Wednesday 13 December 2017

80kmh speed signs shelved 'for sending wrong message'

AA Ireland's Conor Faughnan with one of the new signs.
AA Ireland's Conor Faughnan with one of the new signs.
Niall O'Connor

Niall O'Connor

Thousands of 80kmh speed signs across the country are to be replaced with a black and white alternative which does not contain a numeral.

The signs signify that motorists will be expected to use their own judgment in relation to speed without exceeding a limit of 80kmh.

The new signs will have a black circle with a diagonal line, similar to those used in Ireland before 2004. However, they do not denote a change in the speed limit.

Transport Minister Leo Varadkar said the decision is being taken because the 80kmh signs can send out the "wrong message".

The 80kmh signs flagged for removal are situated along narrow country roads, according to a report carried out by the Speed Limits Review Group.

The cost of the changes is not finalised because the number of signs set to be taken down has yet to be established. However AA Ireland last night said it is estimated to be thousands of euro.

Mr Varadkar: "Speed limits need to be sensible. And they also need to be obeyed. Speed is the major cause of injuries and deaths on our road.

"Around next summer they will start seeing the appearance of new black and white signs around boreens and narrower roads."

Meanwhile, the report has recommended the setting up of a system which will allow members of the public to lodge appeals against speed limits.

And an independent body will examine the decisions by local authorities in relation to appeals.
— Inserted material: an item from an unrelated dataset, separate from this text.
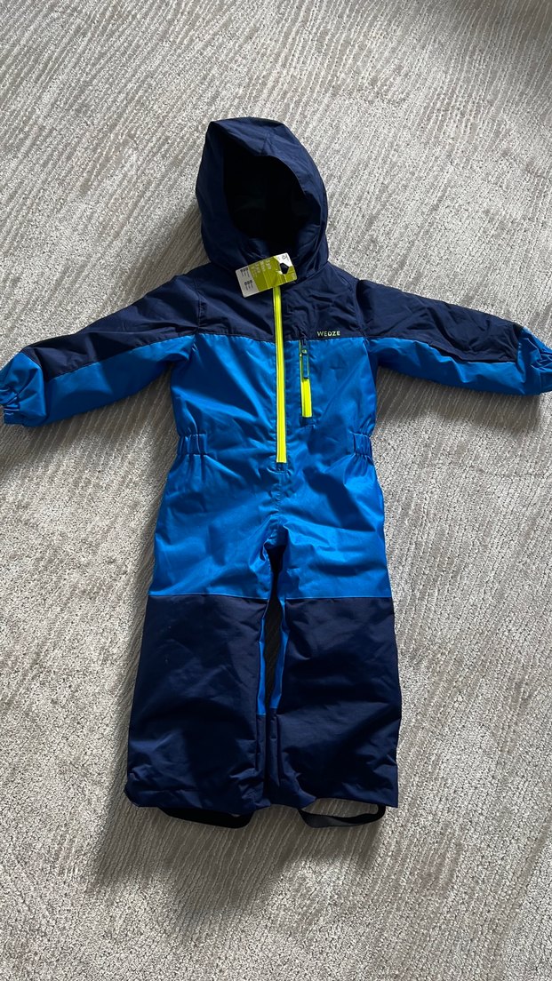 Koyu mavi renkli, fermuarlı ve kapüşonlu erkek bebek kayak tulumu. Yumuşak ve sıcak kumaştan, sokak tarzında üretilmiştir. ❄️Ürün sıfırdır

Conor Faughnan of AA Ireland said he believed the appeals system is "really important" for the public. "It will give motorists a proper voice in the setting of speed limits."


Mr Varadkar said he intends to draft legislation that is necessary to underpin the appeals mechanism. Further measures set to come in over the next two years include:

* The setting up of an audit process of all speed limits every five years.

* The removal of so-called 'silly signs' which may encourage inappropriate speeds.

* The introduction of "more effective" limits at road works.

* Motorists will be given the option of having an in-car speed warning from their satnav.